Cette année, le groupe trotskiste français Lutte ouvrière avait décidé de centrer l'essentiel des débats et forums de sa "fête annuelle"(1) autour de la lutte contre le CPE en France (cf. notre bulletin précédent) en organisant ses propres forums et aussi en invitant largement sa fraction interne à tenir les siens et à défendre sa propre position. L'apparition importante, significative, et l'intervention massive, surprenante, et nouvelle, de la fraction interne de LO, a été incitée par LO elle-même (d'après différentes discussions avec des militants de LO que nous connaissons). Jamais, jusqu'alors, cette fraction qui existe depuis plusieurs années n'était intervenue avec autant de détermination et de... militants nouveaux et jeunes (dont beaucoup ont été très actifs au sein des luttes étudiantes contre le CPE).

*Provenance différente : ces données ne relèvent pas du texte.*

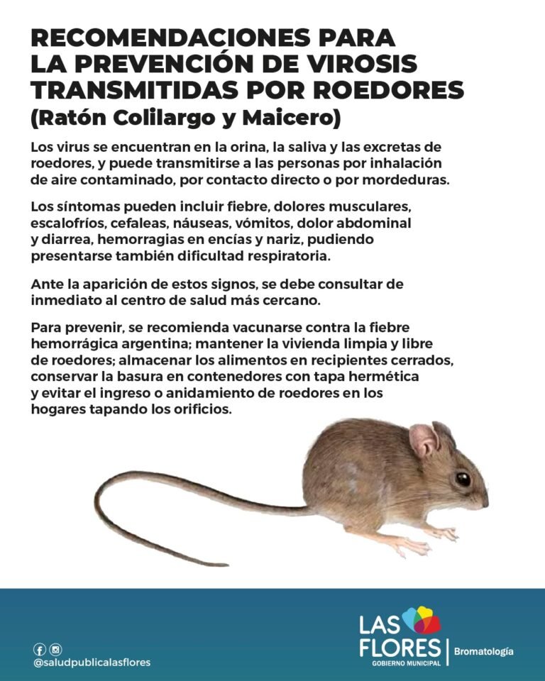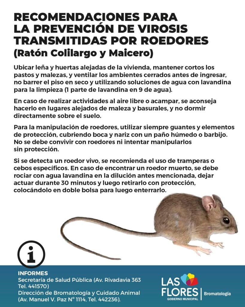 Ante los recientes casos registrados en el país, la Dirección de Bromatología y Cuidado Animal brinda a la población recomendaciones para prevenir las virosis transmitidas por los roedores: ratón colilargo y ratón maicero.
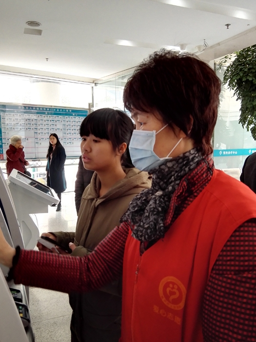 ??? 翁文淵、繆惠芳、王琍穎、葉根倪、豐學(xué)謙、陳彩英、葉麗婷、陸佳佳、鄭紅燕、賴如平、朱楊帆、蘇秀萍、徐幼平、范華欣、王莉、陳根清等16人在衢州市人民醫(yī)院做志愿者,主要來自社會志愿者和本院志愿者。 志愿者們主要為患者指路引導(dǎo),陪伴行動不便、年老體弱患者就診,指導(dǎo)患者自助服務(wù)機使用方法,引導(dǎo)患者化驗前取號、打印化驗單,協(xié)助門診大廳工作人員疏導(dǎo)病人。
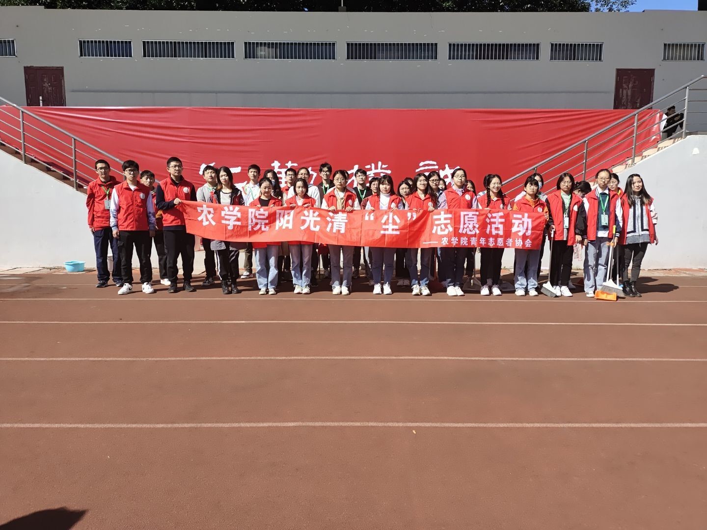 为进一步做好“建设美丽校园,创建优雅环境”工作,提升校园环境卫生质量,2021年 10月17日,成人视频 青年志愿者大队招募了43名志愿者,在学校操场的主席台两侧及玉兰路一侧的观众席处,开展了“阳光清尘”志愿服务活动。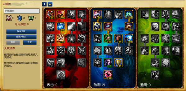 上单半肉AP天赋加点:如戴安娜、兰博等英雄。则需要选择,9.21.0的天赋,如坦克型上单天赋差不多,不同的是填出攻击系右边的法术9点。如图所示:

Beaucoup plus "à droite" sur l'échiquier politique, en l'occurrence beaucoup plus enthousiaste et active dans le mouvement étudiant, elle a permis a contrario à LO de se distinguer, de s'ancrer à gauche et de présenter un langage "marxiste et classiste" des plus "orthodoxes".

Car, si la lutte contre le CPE a permis à la bourgeoisie française comme un tout de remettre au premier plan ses forces de gauche, PS au premier chef, dans la perspective des élections présidentielle de 2007, essayant ainsi de détourner l'attention ouvrière de ses propres luttes, les interventions de LO, tant dans ses propres forums que dans ceux organisés par sa fraction interne, ont révélé un positionnement très radical, "à la gauche de la gauche", au langage de classe et sur le terrain de classe. Contrairement et en opposition à sa fraction et aux interventions des JCR (les jeunes de la LCR eux-mêmes à la gauche de leur organisation mère), LO a mis en avant les limites de la lutte du printemps, en particulier les limites et les faiblesses propres à la partie étudiante de la classe ouvrière, en profitant au passage pour affirmer trois positions aux "couleurs marxistes" :

- attendre des syndicats qu'ils lancent l'ensemble de la classe ouvrière dans la lutte est une illusion petite-bourgeoise car ils ne le feront jamais ;

- les étudiants, par eux-mêmes, ne pouvaient étendre la lutte à l'ensemble de la classe ouvrière ;

- par contre, il appartenait à la classe ouvrière de se lancer dans la lutte et aux révolutionnaires de les appeler à le faire (tout en soulignant que visiblement la classe ouvrière n'était pas prête à se lancer dans la bagarre et qu'il s'agissait d'un mouvement à construire).

Ce positionnement radical, "ouvrier", "de classe", de Lutte Ouvrière face à la situation - crise économique insoluble, attaques contre la classe ouvrière et préparation à la guerre impérialiste qui vient aggraver encore plus les attaques contre les ouvriers - est particulièrement important. Il signifie que les forces les plus à gauche de l'appareil politique de la bourgeoisie s'apprêtent et se disposent à couvrir le terrain des luttes ouvrières. Cela veut dire que la bourgeoisie française, et avec elle pour le moins les bourgeoisies européennes, prépare son appareil politique, de la droite à l'extrême gauche, à la confrontation ouverte contre le prolétariat et aux luttes que ce dernier sera - est déjà ! - contraint d'engager résolument.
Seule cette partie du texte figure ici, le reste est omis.